• _INSTRUCTIONS TO FOLLOW_
Please set down exactly the lines from the one that contains "尽管500W推出仅不到半年,但以210m" through the end of the material, leaving out every picture.

[DATA UNDER STUDY Boundary: Start]

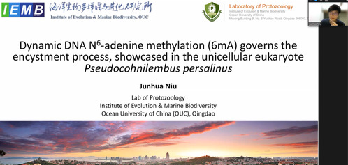 本次会议由美国阿尔比恩澳门彩票 Marcella Cervantes副教授主办,纽约州立大学Lydia Bright副教授和圣塔克拉拉大学的Brian Bayless副教授协办。会议共设置6个邀请报告,受邀者分别来自中国、日本、捷克、法国、阿根廷和加拿大。高珊教授课题组博士研究生牛俊骅做了题为Dynamic DNA N6-adenine methylation (6mA) governs the encystment process, showcased in the unicellular eukaryote Pseudocohnilembus persalinus的报告,介绍了6mA参与调控海洋纤毛虫-水滴伪康纤虫包囊形成的分子机制,得到了参会专家的认可与好评。报告主要内容已于近期发表在Nature index期刊Genome Research上。
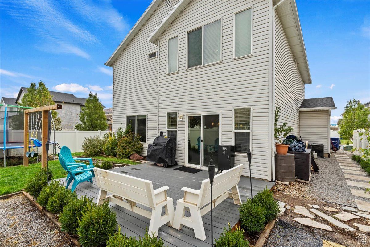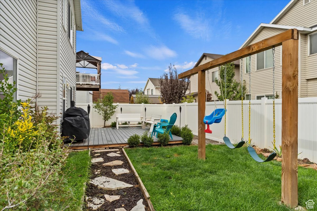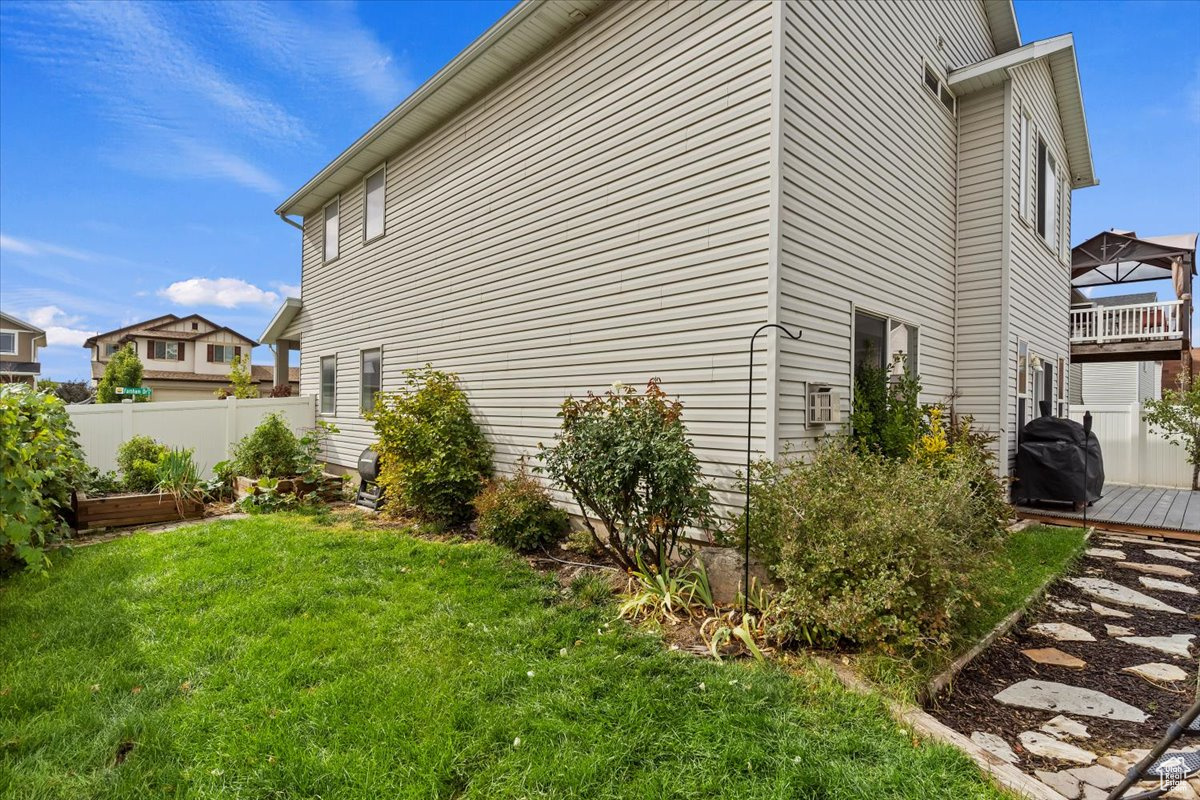 **MULTIPLE OFFERS RECEIVED: Highest & Best Offers due by NOON on Monday, Oct 28th** Welcome home! This home features built-in speakers with surround sound, fiber internet, Cat-6 wiring, and a self-monitored video surveillance system. The extended kitchen offers a gas range, stainless steel appliances, and a new backsplash. The primary suite includes vaulted ceilings and double-head shower. Additional highlights include built-in mudroom storage, a magnetic chalkboard wall, loft area, laundry room with floor drain, sound insulated interior walls, oversized under-stair storage with a light, and an extra-wide garage. Outside, enjoy the floating deck, garden boxes, built-in sandbox, and eave plugs for holiday lights. All rain gutters connect to one central line that drains out to front yard. Home sits in a great neighborhood within walking distance to South Community Park & Legacy Splash Pad. Close proximity to schools, shopping, and quick access to I-15 and Legacy Highway. Just 10 minutes to Lagoon & Station Park and 15 minutes to downtown SLC & SLC International Airport!
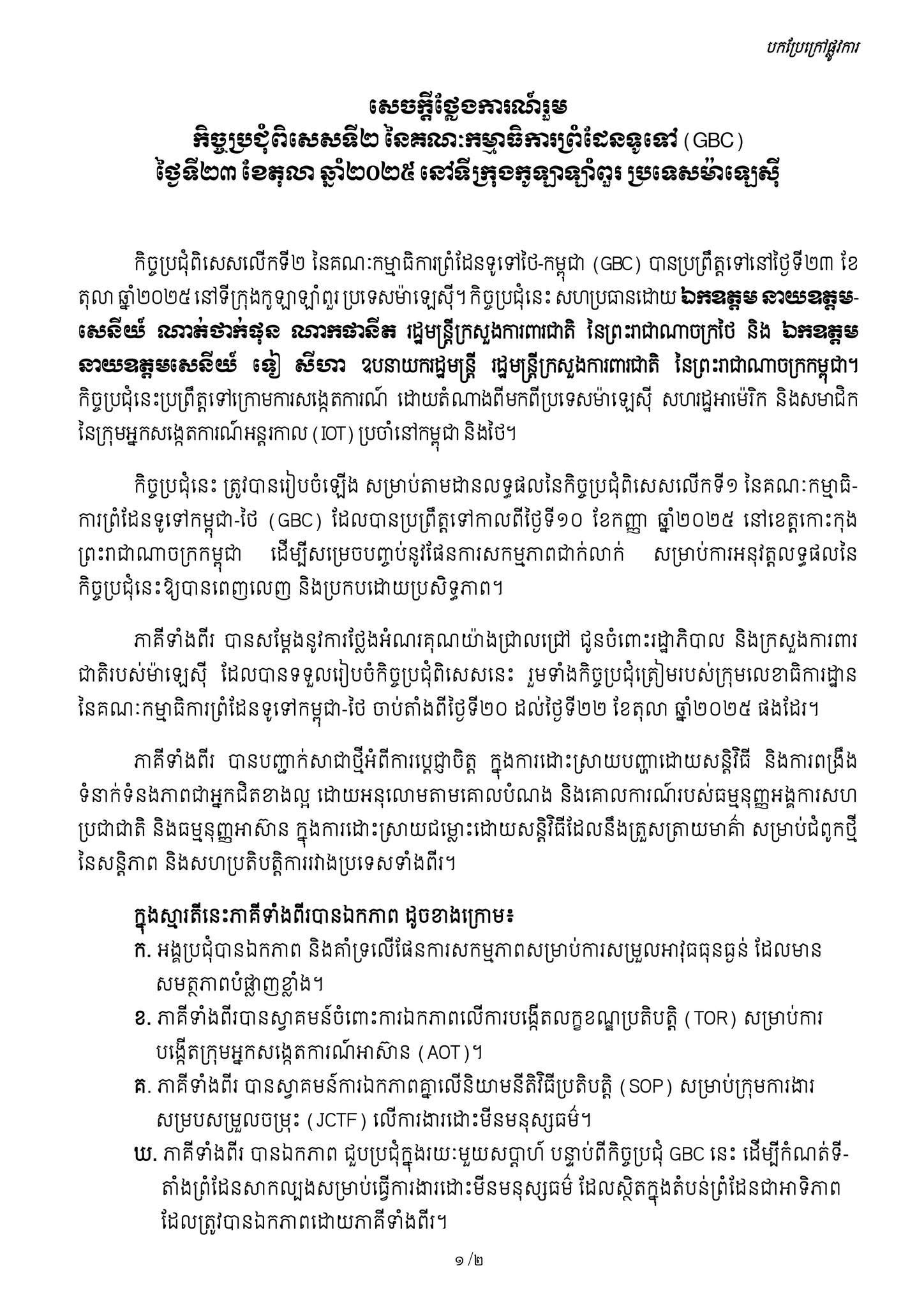 នៅរសៀលថ្ងៃទី ២៣ ខែតុលា ឆ្នាំ ២០២៥ នេះ ក្រសួងការពារជាតិ បានចេញសេចក្តីថ្លែងការណ៍រួម ស្ដីពីកិច្ចប្រជុំពិសេសលើកទី ២ នៃគណៈកម្មាធិការព្រំដែនទូទៅ (GBC) ថ្ងៃទី ២៣ ខែតុលា ឆ្នាំ ២០២៥ នៅទីក្រុងកូឡាឡាំពួរ ប្រទេសម៉ាឡេស៊ី។
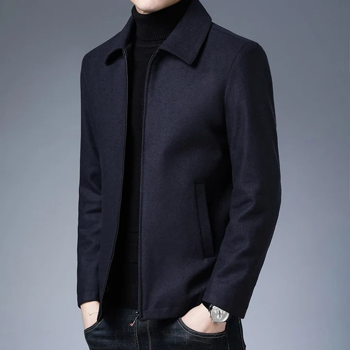 Woven from heavyweight wool blend, this jacket is a masterclass in restraint—uncompromising in warmth, deliberate in design. A sharp silhouette meets a supple drape, ensuring an effortless command of any setting.
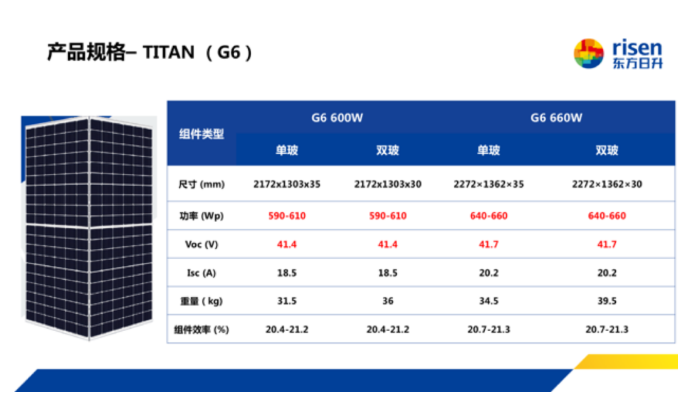尽管500W推出仅不到半年,但以210mm硅片为基础的600W+高功率组件已整装待发。7月23日,在由东方日升举办的210闭门技术研讨会上,东方日升组件研发高级总监刘亚锋重磅推出了TITAN系列G6组件,产品功率最高达660W。
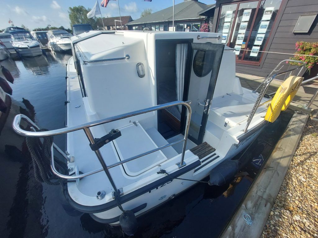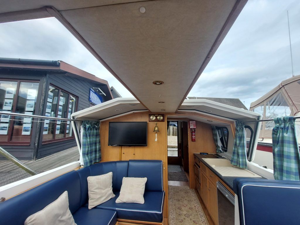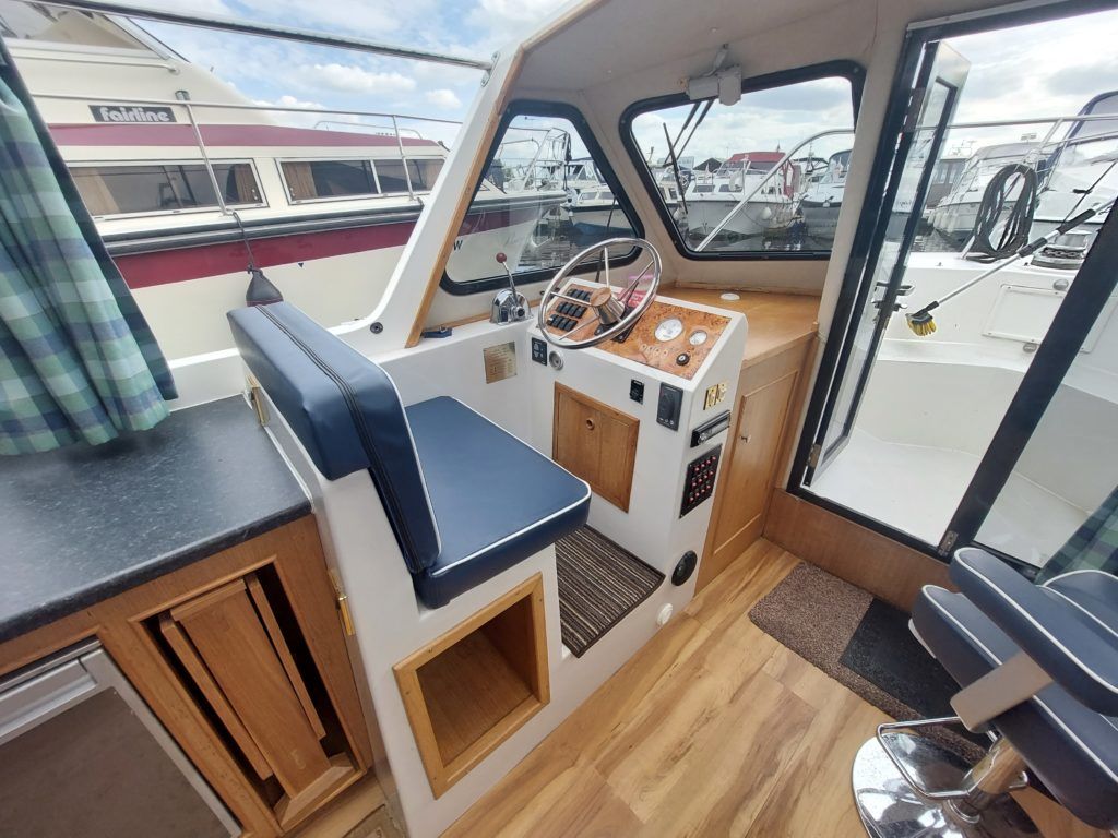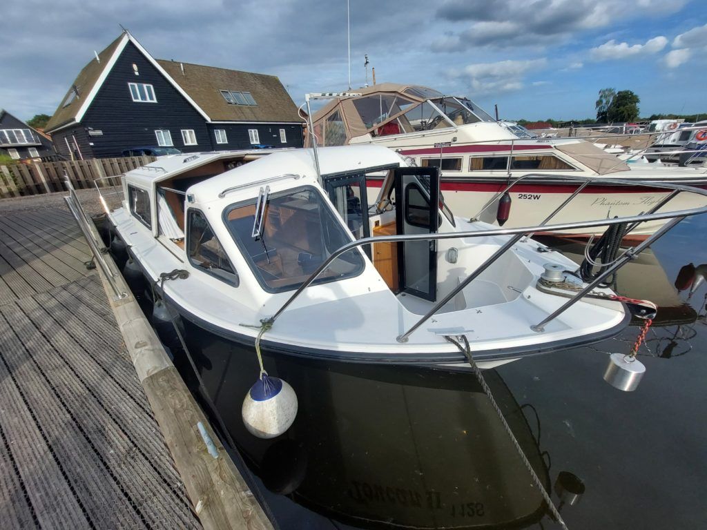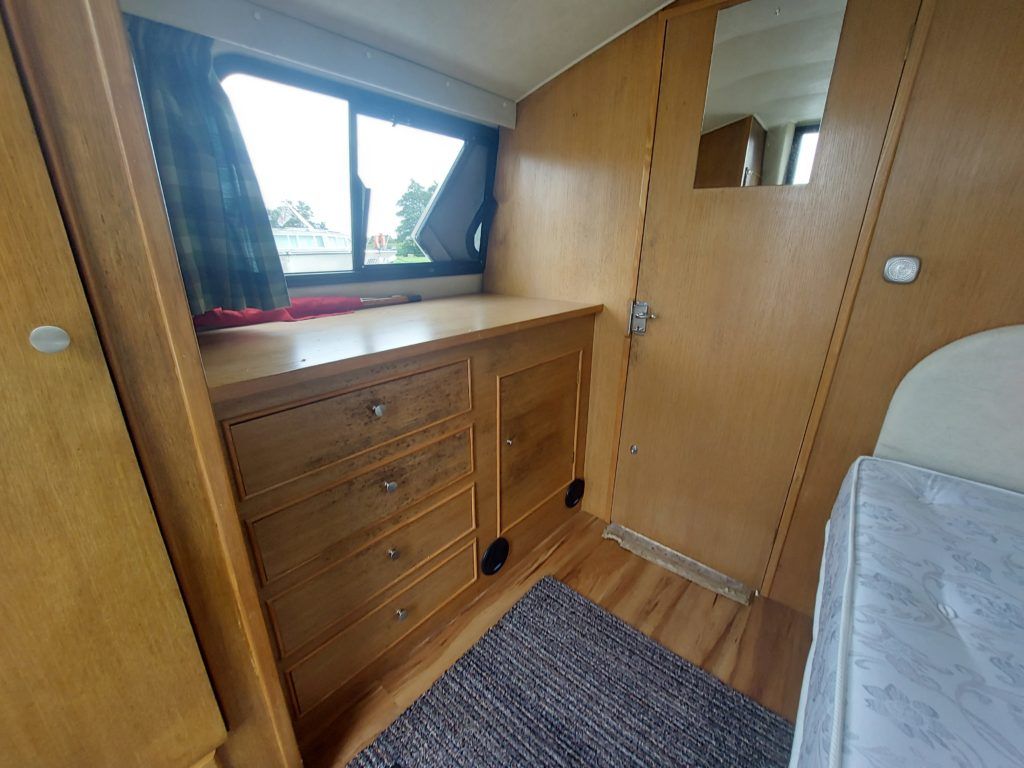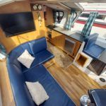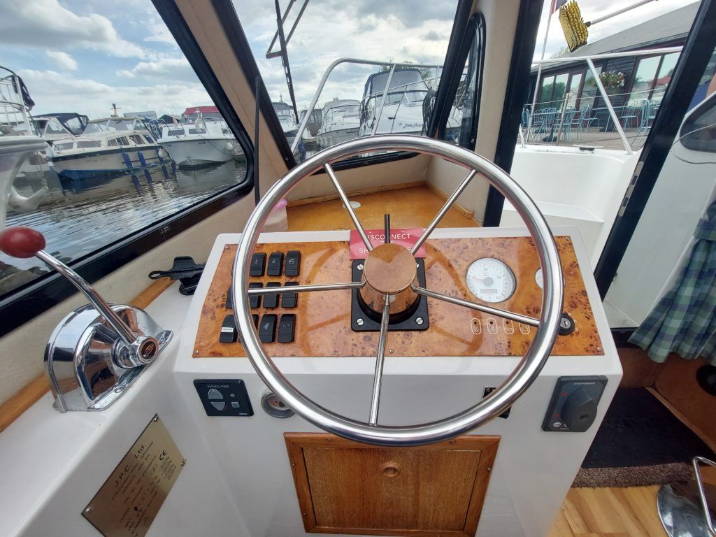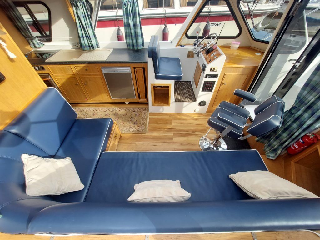 Aquafibre 28 Opal – 2009 – Single Nanni 4.38HE 38hp diesel engine through a shaft. 4 berth accommodation with a single electric toilet/shower compartment. Specification to include; bow and stern thrusters, electric anchor windlass, warm air heating, inverter, split sliding roof, full galley. “Toucan” is a well equipped version of these popular river cruisers, ideal for exploring the Broads. BSC 04/2025

[DATA UNDER STUDY Boundary: End]

• _EXERCISE ANSWER_
尽管500W推出仅不到半年,但以210mm硅片为基础的600W+高功率组件已整装待发。7月23日,在由东方日升举办的210闭门技术研讨会上,东方日升组件研发高级总监刘亚锋重磅推出了TITAN系列G6组件,产品功率最高达660W。
 Aquafibre 28 Opal – 2009 – Single Nanni 4.38HE 38hp diesel engine through a shaft. 4 berth accommodation with a single electric toilet/shower compartment. Specification to include; bow and stern thrusters, electric anchor windlass, warm air heating, inverter, split sliding roof, full galley. “Toucan” is a well equipped version of these popular river cruisers, ideal for exploring the Broads. BSC 04/2025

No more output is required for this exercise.